Alejandro’s gut curdled with bitterness. Why had she chosen him? Why not some other guy who could stomach the thought of matrimony? Or was this some sort of payback for snubbing her in the past?
‘Is there somewhere we could talk?’ He threw a glance at the hovering butler, who looked as if he’d just stepped off a film shoot on a period drama. ‘In private?’
‘This way.’
Alejandro frowned as he followed her. She had a pronounced limp that made the action of walking look not only awkward but also painful, in spite of the use of the stick. One leg dragged slightly as if the muscles weren’t strong enough to take her full weight. Not that she was heavy or anything. She looked as if a gust of wind would send her into the next county. Was it a recent injury? He tried to recall if he had read anything about her in the press but he came up with zero. Perhaps she wasn’t the press magnet type.
He felt a flicker of interest spark and fire in his brain.
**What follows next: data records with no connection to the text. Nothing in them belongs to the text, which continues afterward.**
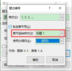 点击【编号】,勾选包含章节编号,选择章节标题的样式(如标题 1),确定后,图表会自动生成 “章号 - 序号” 的题注(如图 1-1);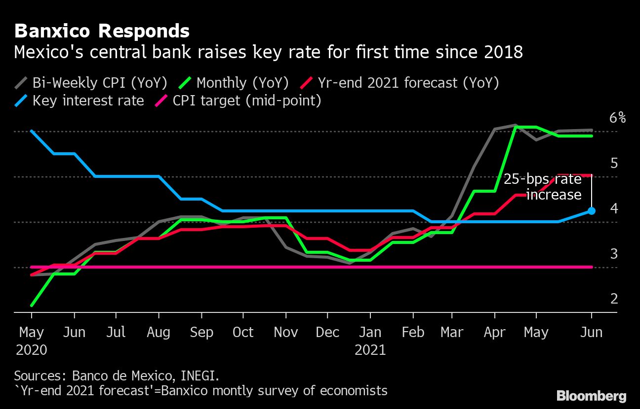 Banco de Mexico raised its key rate by a quarter-point to 4.25% in response to a jump in inflation that policy makers had previously described as transitory. The decision, supported by three of the five-member board, surprised all 23 economists surveyed by Bloomberg who had expected the bank to hold at 4%. Data published Thursday morning showed that inflation accelerated further in early June to 6.02%, also surprising analysts.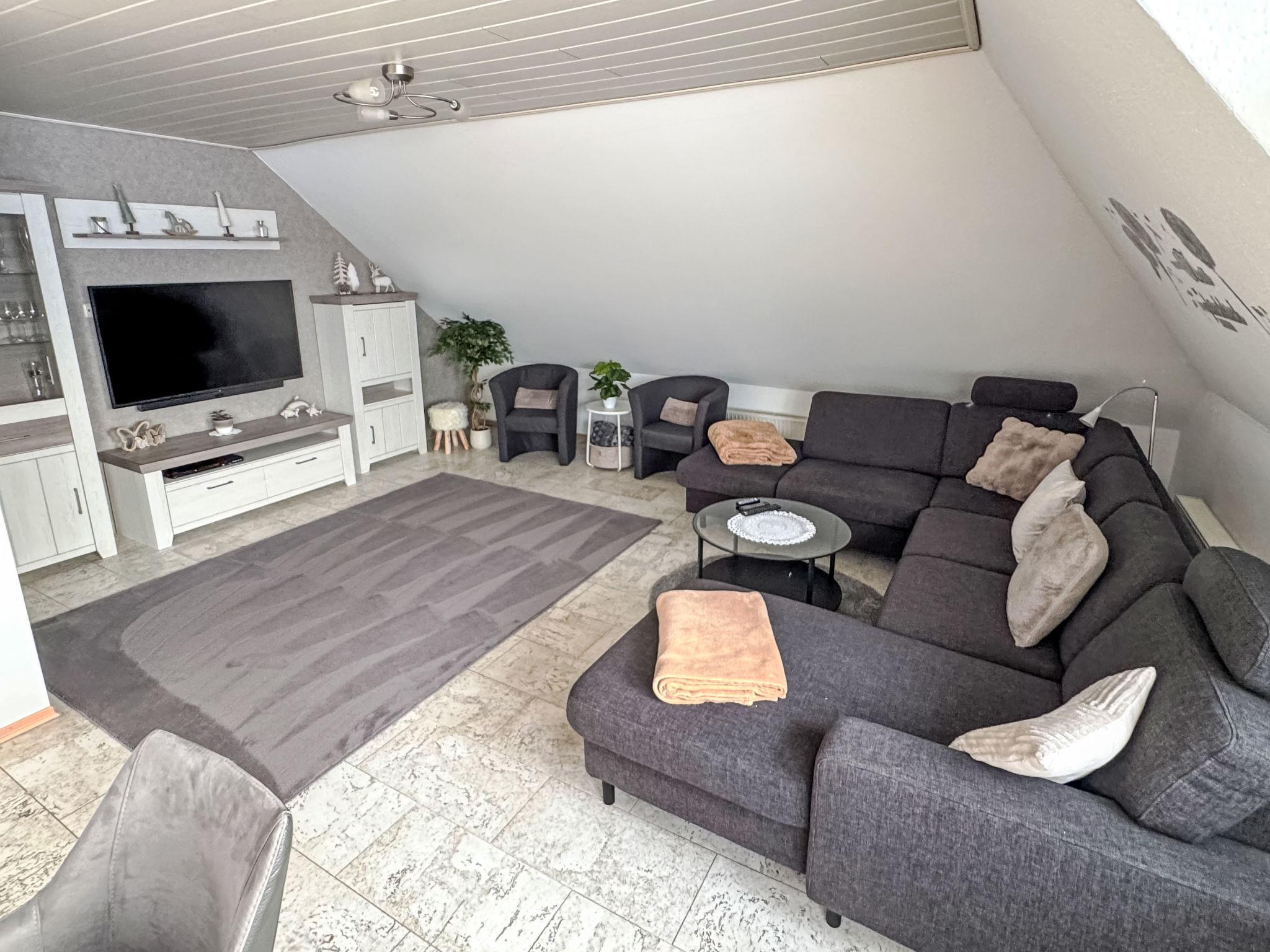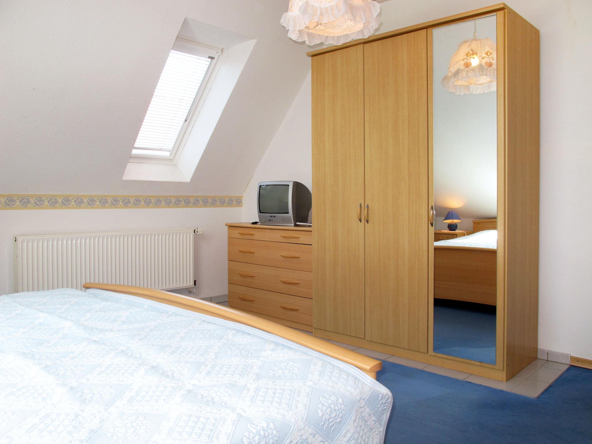 4-room apartment 140 m2 on 2 levels. Cosy furnishings: upper floor: living room with sloping ceilings with cable TV and radio. 2 rooms with sloping ceilings, each room with 1 double bed (2 x 90 cm, length 200 cm). Open kitchen (4 hot plates, oven, toaster, kettle, microwave, electric coffee machine). Bath/WC. Top floor: 1 room with sloping ceilings with 2 beds. Shower/WC. Facilities: children's high chair, baby cot. Internet (WiFi, free). Please note: non-smokers only. Smoke alarm.

Not in-your-face beautiful and broken too. Interesting. Was this why she was being packaged in the marriage deal? Did she or her father—or both—think she couldn’t get a husband any other way? She might not be billboard stunning but he could see the classical lines to her face, the porcelain skin that looked as soft and smooth and creamy as a magnolia petal, the unusual colour of her eyes that made him think of a winter lake. She had a quiet beauty that sneaked up on you without you noticing. It was the sort of beauty that would suddenly appear and snatch your breath.
She turned and faced him once they were in the library. Her expression was masked, like a puppet face that hadn’t been animated. ‘Would you care for a drink?’
‘What happened to your leg?’
She pinched her lips together, pride flashing across her features as fast as the flick of a whiplash. ‘I have whisky or brandy or cognac. Wine too. Red. White. Champagne.’